If you had invested $10,000 in the S&P 500 (^GSPC -0.68%) five years ago, you'd have roughly $14,091 as of the end of the second quarter. If you'd invested that same $10,000 with Donald Yacktman's Yacktman Fund (YACKX), you would have ended up with a cool $21,313, or more than 50% more.
To quote that guy from the AT&T commercials: "More is better, right?"
The outperformance is no fluke. Pull the analysis out to 10 years, and Yacktman's $11.5 billion fund is still beating the market. By a considerable margin.
If you're curious about how he does it, the three quotes below -- all three of which came from his presentation at ninth annual Value Investing Congress in New York -- give some insight.
"This business ultimately boils down to what you buy and what you pay for it."
The VIC is a value investing conference, so it makes sense that there are a lot of investors keying in on buying their stocks at discounted prices. And Yacktman is on the same page there. But notice the pairing in this quote and notice the order of the pairing.
Price does matter. In fact, anyone that doesn't invest as a value investor -- trying to pay less for a company than its true worth -- is either missing the point or hates money.
But price is far from the only thing that matters. Buy a mediocre company at a healthy discount and it's possible that you'll end up with a decent gain. Buy a great company at a discount and you may end up with the real jackpot: a business worth owning for the long term that will compound your capital for decades to come.
"When it comes to management, don't listen to what they say, look at what they've done."
It's not a bad idea to tune into what company management teams have to say. There's often good color that's shared on quarterly conference calls, and in many cases you can get a good overview of company strategy by reading the annual letter to shareholders.
But when it comes to promises that management makes in terms of capital allocation and strategic priorities, it's a good idea to keep them honest by checking the tapes. Sure, they may say they're going to eschew acquisitions and focus on buybacks and other more profitable uses of shareholder capital. But have they delivered on that in the past?

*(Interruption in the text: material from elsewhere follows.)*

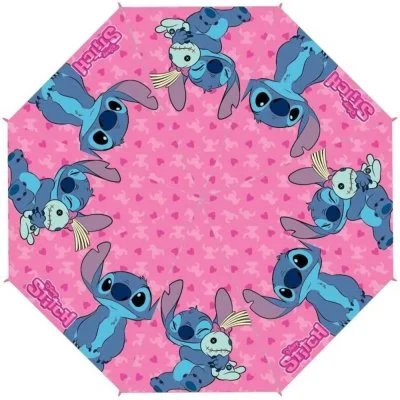 Detský ružový skladací dáždnik s motívom Lilo & Stitch. Priemer roztiahnutého dáždnika je ...
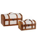 Raffinato ed elegante, questo set di 2 bauli decorativi Goodwill unisce lo stile vintage alla morbidezza della pelliccia effetto fur. Realizzati in legno con finitura color miele e rivestimento in tessuto crema, i bauli sono impreziositi da dettagli in metallo brunito e cinturini decorativi che richiamano l’estetica dei classici forzieri da viaggio.

Management teams can change their ways, but betting on that is rarely a slam dunk.
"We're not oblivious to the macro, but it doesn't change our decision-making."
Focusing on the macroeconomic environment has been all the rage following the 2008-09 meltdown. You're a dupe, the thinking goes, if you ignore the macro because you're bound to be caught unawares and watch your portfolio get sucked into the next swirling vortex of macroeconomic maelstrom.
Yet for decades, value investors (including a guy named Warren Buffett) have said time and again that they don't focus on the macro environment when making investment decisions. Does that make them dupes? Hardly.
It's not that investors like Yacktman and Buffett think the macro is meaningless. Instead, it's that they realize that accurately predicting the macro picture is essentially impossible. So rather than banging their heads against the wall, they focus on evaluating company-specific factors that are comparatively stable and predictable.
Yacktman: What he's buying, what he's not
If you're curious where all of this has led Yacktman to stock up his portfolio, look no further than large, high-quality companies. At the end of the second quarter, the Yacktman Fund's top three holdings were News Corp (NWSA 0.59%), Procter & Gamble (PG -0.43%), and PepsiCo (PEP 0.32%).
According to Yacktman at VIC, he's sticking with large quality because right now, "you're not getting paid much for buying lower quality."
Meanwhile, what's Yacktman not buying? Apple (AAPL -0.92%), that's what. Though Apple's been lauded by many as a quality, cheap company, Yacktman isn't exactly on board. He's afraid that the company's fat margins will attract hungry competition -- specifically, he said that Samsung "will eat their lunch." And if (when?) that happens, Apple suddenly won't look quite as cheap.
Or at least that's the story according to Donald Yacktman. And if we're willing to give him credit for his impressive track record, it's a story that shouldn't be ignored.